Zibby: I did one season of travel baseball with my son, who didn’t even really like baseball that much. We were at some double-header that was an hour and a half outside the city. I have four kids. I had to leave the other three kids to sit there and watch him sit in the dugout and eat the snacks I packed him. I was like, this is ridiculous. I’m not doing this. “Do you like this?” He was like, “I really like football.” I was like, forget it. This was fun, but first of all, I feel like it has to come from the kids. This could be a whole other conversation. So many parents push their kids into a particular sport or to do it so competitively or whatever. I feel like it’s different if the kid wants to do it. If they’re begging to do more, okay, that’s one thing.
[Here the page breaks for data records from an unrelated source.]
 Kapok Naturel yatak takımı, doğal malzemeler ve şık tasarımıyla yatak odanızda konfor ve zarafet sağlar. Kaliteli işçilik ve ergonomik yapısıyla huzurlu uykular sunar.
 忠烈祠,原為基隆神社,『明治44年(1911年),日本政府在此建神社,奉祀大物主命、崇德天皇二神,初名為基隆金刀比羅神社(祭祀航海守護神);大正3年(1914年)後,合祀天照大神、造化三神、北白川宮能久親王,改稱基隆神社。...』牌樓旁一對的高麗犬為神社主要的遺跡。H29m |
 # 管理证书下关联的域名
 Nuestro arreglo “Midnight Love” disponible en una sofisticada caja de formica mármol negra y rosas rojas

The parent pressure on the kids because everyone else apparently is doing it, that’s where you really go wrong, I think.
Christine: Absolutely. We ended up doing one and a half seasons of travel baseball for my younger son. It was the same thing. I was like, why am I traveling to Maryland to play these teams? Can’t they just play in Prospect Park? It’s right there. There are a lot of children that play baseball in Brooklyn. We don’t have to travel four hours or whatever it was.
Zibby: Who even thought of this travel teams? Shame on them.
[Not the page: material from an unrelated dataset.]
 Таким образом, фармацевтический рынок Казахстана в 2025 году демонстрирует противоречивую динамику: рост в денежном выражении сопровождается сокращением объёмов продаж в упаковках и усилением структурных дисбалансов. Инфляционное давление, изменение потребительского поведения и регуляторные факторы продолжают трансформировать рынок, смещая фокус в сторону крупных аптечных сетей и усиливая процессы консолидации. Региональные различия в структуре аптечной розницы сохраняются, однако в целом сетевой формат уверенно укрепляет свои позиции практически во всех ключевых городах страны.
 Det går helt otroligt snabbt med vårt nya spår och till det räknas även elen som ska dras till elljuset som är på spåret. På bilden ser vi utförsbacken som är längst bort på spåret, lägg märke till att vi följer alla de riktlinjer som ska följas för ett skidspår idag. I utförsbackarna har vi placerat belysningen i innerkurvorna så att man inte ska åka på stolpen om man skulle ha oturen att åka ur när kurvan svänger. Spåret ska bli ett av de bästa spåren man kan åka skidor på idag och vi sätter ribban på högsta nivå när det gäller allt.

Christine: It’s wild to think that the sports bra wasn’t invented until 1977, which is just about fifty years ago, which isn’t very long ago. It was the height of the jogging boom. At the time, there were these three women in Vermont who were like, there’s got to be a better way, there’s got to be a more comfortable way, and ended up sewing two jockstraps together and created the first sports bra, which is bananas. Again, it’s an example of how we never paid attention to women’s breasts. What does it have to do with sports or sports performance? I feel like breasts are so sexualized in that way or associated with reproduction that we don’t consider them as an important part of how a woman moves. Anyone who has breasts know that it plays a big role. It can be really uncomfortable. It can be painful at times if it’s not supported right.
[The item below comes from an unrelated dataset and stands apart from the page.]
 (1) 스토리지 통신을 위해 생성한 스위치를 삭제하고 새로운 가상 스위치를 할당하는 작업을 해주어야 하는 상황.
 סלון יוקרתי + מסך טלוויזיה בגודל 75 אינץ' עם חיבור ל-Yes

Scientists have studied, and breast movement can actually affect your running gait and how efficient you run. It does have all of these impacts. Scientists really didn’t have the technology to study breast motion in depth until twenty years ago. If you don’t study how breasts actually move, which is, frankly, a pretty complicated pattern — they described it to me almost as this figure-eight butterfly situation going on. If you don’t actually study that, if you assume breasts just go up and down, you can’t actually create a garment that can effectively control or support that movement in a comfortable way. That’s why we were stuck with terrible sports bras for so long. We’re starting to see more brands incorporate this research into their product design process from the beginning so that we’re starting to get better products and hopefully will continue to get better and more affordable products.
Zibby: I just bought these sports bras this weekend, the over-the-head kind, and struggled to get out of them all sweaty and disgusting after. I’m like, why? Why is this still happening?
Christine: Then the other one that really surprised me was soccer cleats. There hasn’t been a women-specific soccer cleat until 2020. It’s only three years ago, which is really surprising given how popular soccer is amongst girls and women, how much women’s soccer has grown over the last several decades. The fact that there wasn’t a shoe that’s designed to accommodate a woman’s foot — a woman’s foot, anatomically, is different from a man’s. There can be differences in how it feels, how a woman might plant and load her feet. If even the cleats are placed in the wrong spot, it can create pain. Again, it’s wild to me that all of this has kind of been an oversight and women have just been, I guess, making do with whatever it is that’s available.
Zibby: Crazy. What about the benefits? People talk all the time about all the benefits of team sports and collaboration and cardiovascular health and all of that. What are some of the unique benefits to women?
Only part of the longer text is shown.